In a similar set of experiments as when we weighted DNase-seq and total RNA-seq experiments, we next inspected the selections made as we varied λa and λb. As expected, we see that as we increase the regularization strength the selected experiments span fewer assays and biosamples, respectively (Fig. 4E–G). Interestingly, we observed that as the regularization strength increased from to the most chosen assay switched from measuring the histone modification H4K91ac to the binding of ETS1. This finding suggests that utility of a particular assay is dependent on the number of other experiments that can be performed to supplement it.
3.5 Calculating the coverage of each biosample and assay
Thus far, we have focused our efforts on prioritizing individual experiments but have provided little guidance for how to prioritize entire biosamples or assays. We next considered a scenario where an investigator is looking to either assay undercharacterized biosamples or to run underperformed assays, but is unsure which biosamples or assays to focus on. A simple approach would be to count the number of experiments that each biosample or assay is involved in and choose the ones with the fewest experiments. However, this approach does not account for the content of the performed experiments, which can be extremely similar in some cases. For example, in the ENCODE data several biosamples have been assayed extensively for transcription but not assayed at all for histone modifications or protein binding.
A final component of our methodology is the ability to quantify the extent to which each biosample has been characterized and each assay has been performed using the facility location objective function. Because the objective function takes in a set of experiments and returns a score corresponding to the diversity of the set, this function can be used to assess the diversity obtained by an existing set of experiments, corresponding to a single biosample or a single type of assay. In our setting, where similarity is measured via squared correlation, this score ranges from zero up to the total number of experiments that have been performed. Thus, for each biosample, the maximum value is 77 due to the 77 assays in the dataset, and for each assay, the maximum value is 400 due to the 400 biosamples in the dataset.

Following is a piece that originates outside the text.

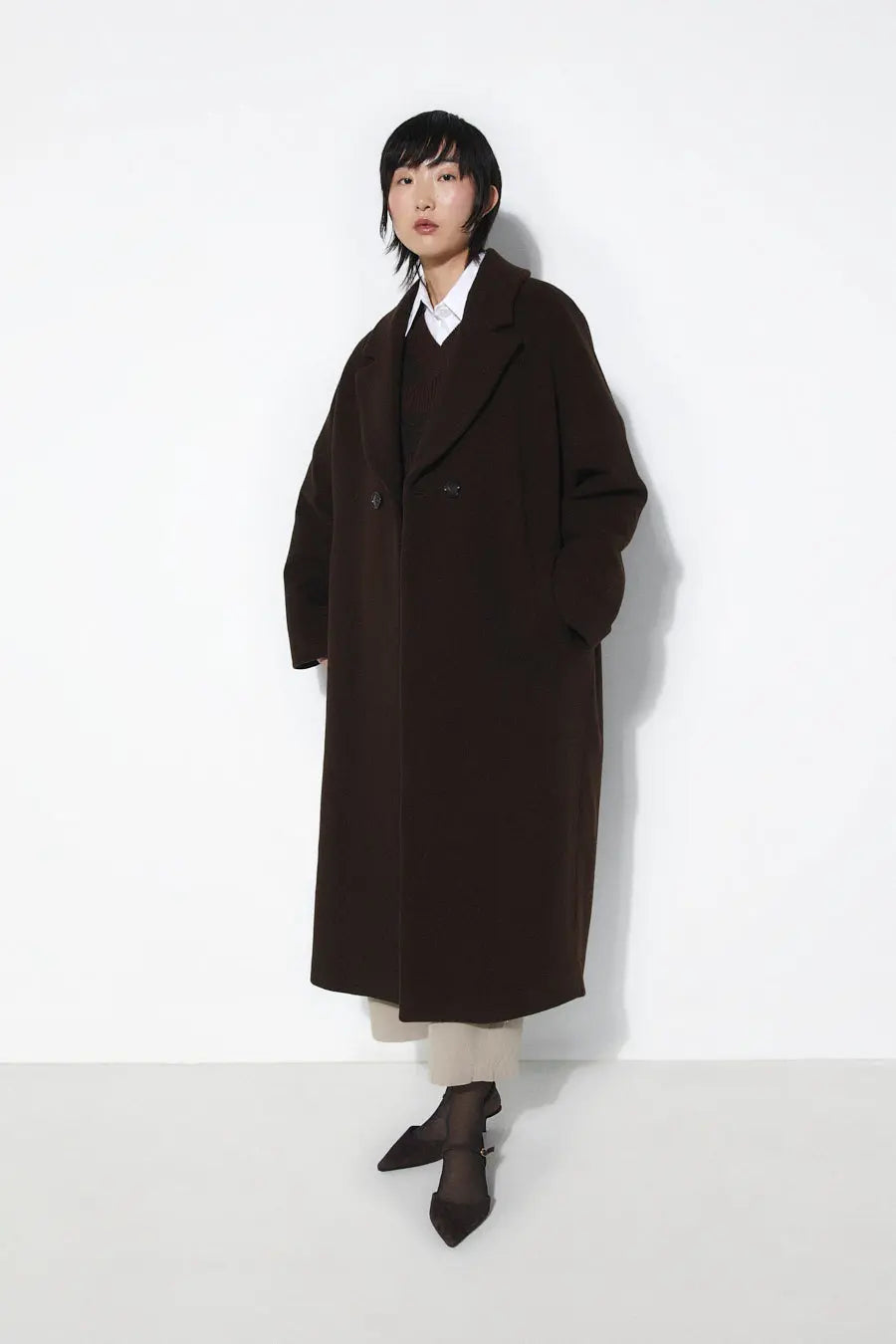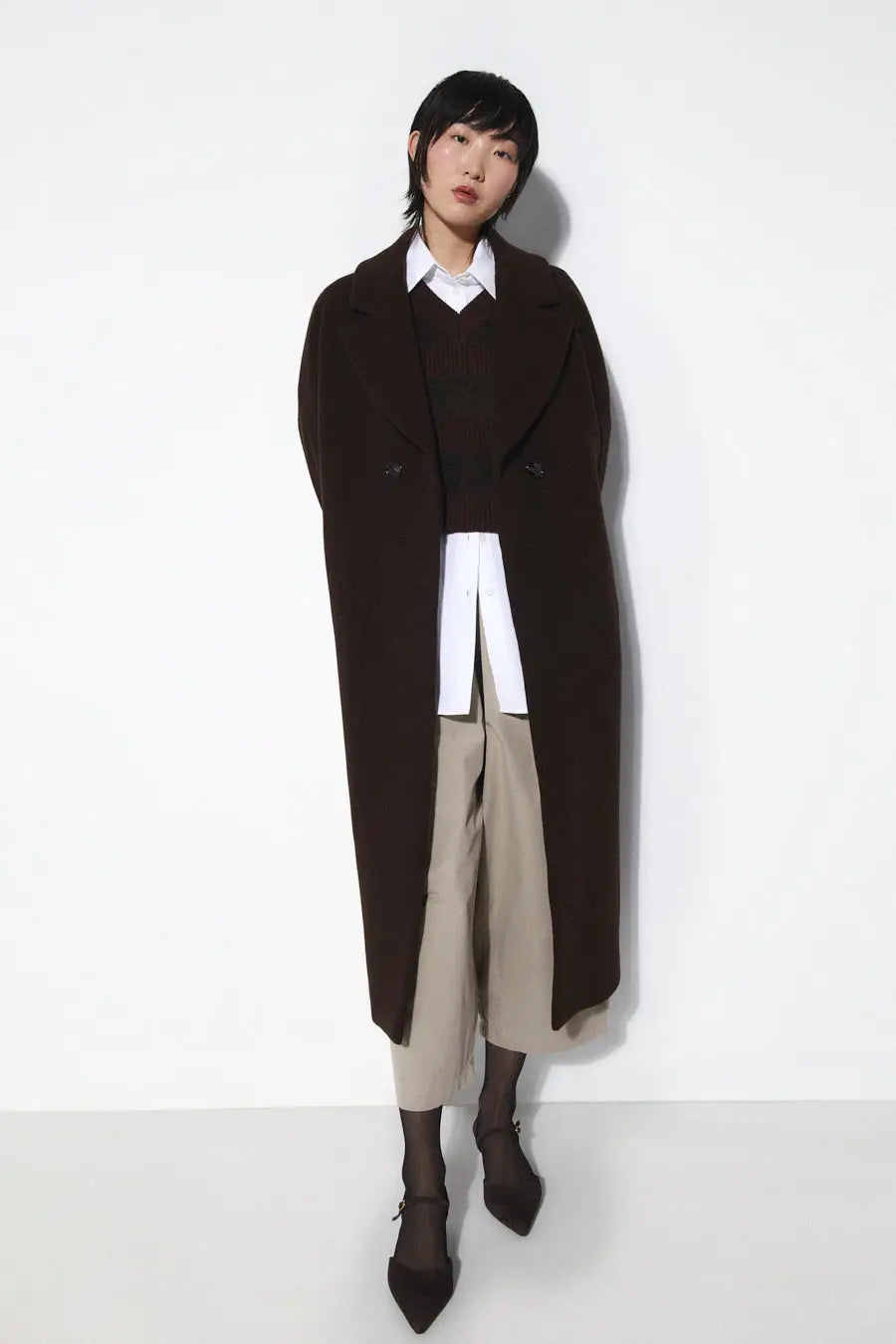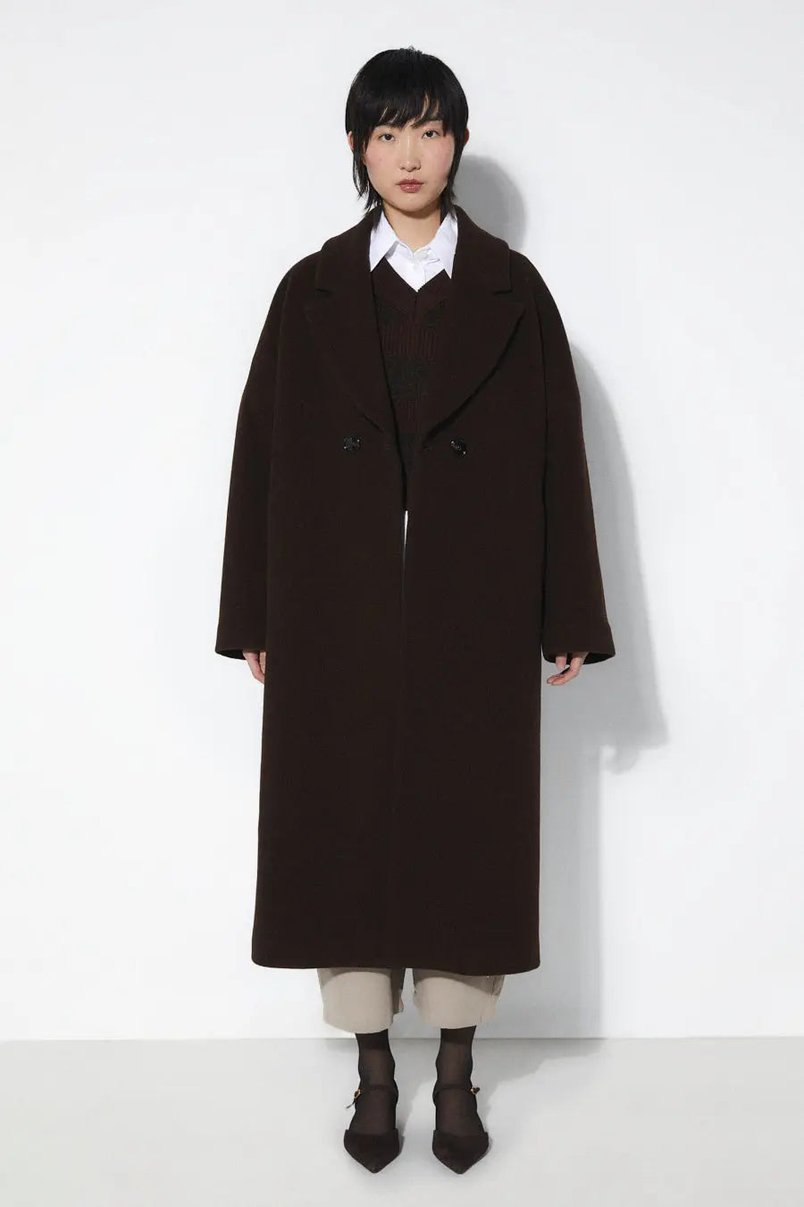 Cappotto Rita Row oversize in panno di lana double-face. Modello sartoriale con collo a rever e chiusura doppiopetto a due bottoni. Tasche laterali. Foderato.

We applied this approach to score each of the biosamples and assays in the ENCODE2018-Core dataset. Not surprisingly, we find that the three ENCODE Tier 1 cell lines—H1-hESC, K562 and GM12878—are the three best scoring biosamples, with scores of 71.2, 70.2 and 68.6, respectively. These biosamples are followed by several ENCODE Tier 2 cell lines, such as HepG2, IMR90 and HeLa-S3. We found a rank correlation of 0.82 between the number of assays performed in a biosample and the objective score, confirming that while in general there is increase in coverage as more assays are performed, the composition of those assays is also captured by the objective function. Next, we scored the assays and found that the highest scoring ones were H3K4me3, H3K36me3 and CTCF, whereas the lowest scoring assays are H2BK15ac and FOXK2. We found a weaker, but still very significant, rank correlation of 0.66 between the number of biosamples that an assay was performed in and the objective score.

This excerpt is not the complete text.